28 Executive Park, Suite 200
Irvine, California 92614
(949) 260-1600
(Name, address and telephone number of person
authorized to receive notices
and communications on behalf of the person filing statement)
Copies to:
John M. Williams
Gibson, Dunn & Crutcher LLP
3161 Michelson Drive, Suite 1200
Irvine, California 92612
(949) 451-3800
¨
|
Check the box if the filing relates solely to preliminary communications made before the commencement of a tender offer.
|
This Amendment No. 3 to the Solicitation/Recommendation Statement on
Schedule 14D-9 amends and supplements the Solicitation/Recommendation Statement on Schedule 14D-9 initially filed by Diedrich Coffee, Inc., a Delaware corporation (Diedrich), with the Securities and Exchange Commission (the
SEC) on December 11, 2009, as amended by Amendment No. 1 and Amendment No. 2 to the Solicitation/Recommendation Statement on Schedule 14D-9 filed by Diedrich with the SEC on December 31, 2009, and
January 11, 2010, respectively (as amended or supplemented from time to time, the Schedule 14D-9). The Schedule 14D-9 relates to the offer by Green Mountain Coffee Roasters, Inc., a Delaware corporation (GMCR),
through its wholly owned subsidiary, Pebbles Acquisition Sub, Inc., a Delaware corporation (Purchaser), to acquire all issued and outstanding shares of Diedrichs common stock, par value $0.01 per share (Common Stock),
in exchange for, with respect to each share, the right to receive $35.00 in cash, without interest, upon the terms and subject to the conditions set forth in GMCRs offer to purchase, dated December 11, 2009 (the Offer to
Purchase). The Offer to Purchase is contained in the Schedule TO filed by GMCR with the SEC on December 11, 2009 (as amended or supplemented from time to time, the Schedule TO), and in the related Letter of
Transmittal (the Letter of Transmittal, together with the Offer to Purchase and any amendments or supplements thereto, collectively constituting the Offer). Any capitalized term used and not otherwise defined herein shall
have the respective meanings ascribed to such terms in the Schedule 14D-9.
Item 4.
|
The Solicitation or Recommendation
|
Item 4 of the Schedule 14D-9 is hereby amended and supplemented by adding the following paragraph after the last paragraph under the subheading Background of the Offer:
Effective December 24, 2009, following consultation with the staff of the Federal Trade Commission (the FTC), GMCR
voluntarily withdrew its HSR Act filing.
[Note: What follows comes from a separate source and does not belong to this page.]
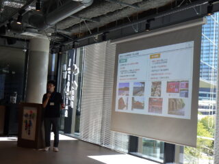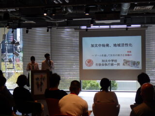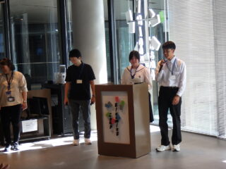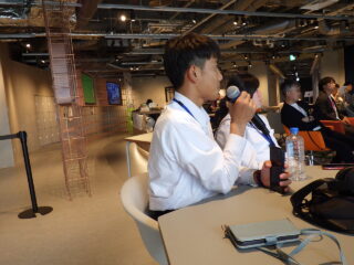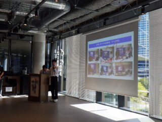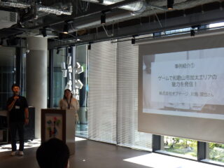 そんな大阪都心の景色を見下ろせるガラス張りの会場で行われたイベントに、本校の生徒会役員2名が参加して、ゲーム制作の取り組みについて発表しました。この会のイベントのテーマは、「地域の未来を担う子どもたちの視点で取り組んだ地域活性化プロジェクトの共有」です。生徒会の2人は、たくさんの大人の視線の中、緊張しながらも、自分たちの言葉で、ゲーム制作について、しっかり伝えることができました。
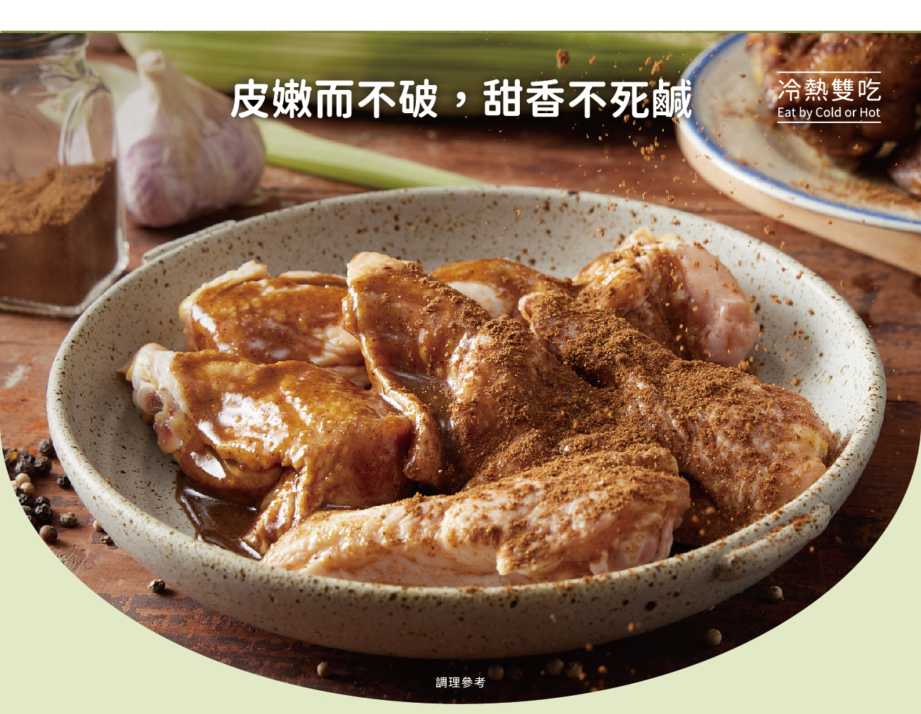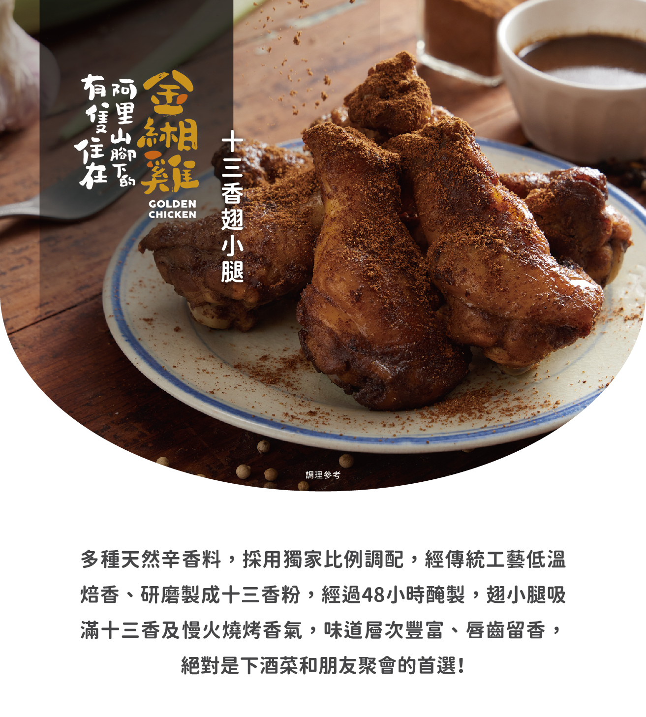 多種天然辛香料,採用獨家比例調配,經傳統工藝低溫焙香、研磨製成十三香粉,經過48小時醃製,翅小腿吸滿十三香及慢火燒烤香氣,味道層次豐富、唇齒留香!

On December 29, 2009, GMCR re-filed its HSR Act filing. This withdrawal and re-filing was undertaken in order to provide the FTC with additional time to review the information submitted by GMCR and
Diedrich.
On January 13, 2010, Diedrich and GMCR each received a request for additional information (a Second
Request) from the FTC with respect to the Offer and Merger. Diedrich and GMCR expect to promptly respond to their respective Second Requests, and to continue to work cooperatively with the FTC as it conducts its review of the proposed
transaction.
Item 8.
|
Additional Information.
|
Item 8 of the Schedule 14D-9 is hereby amended and supplemented by adding the following after the last paragraph under the subheading entitled Antitrust Laws:
On December 8, 2009, Diedrich filed a Notification and Report Form with respect to the Offer and Merger, pursuant to the requirements
of the HSR Act. On December 9, 2009, GMCR, on behalf of itself and Purchaser, filed a Notification and Report Form with respect to the Offer and Merger with the FTC and the Department of Justice, pursuant to the requirements of the HSR Act.
Following consultation with the FTC staff, GMCR voluntarily withdrew its Notification and Report Form effective December 24, 2009, and re-filed its Notification and Report Form on December 29, 2009, in order to provide the FTC with
additional time to review the information submitted by GMCR and Diedrich.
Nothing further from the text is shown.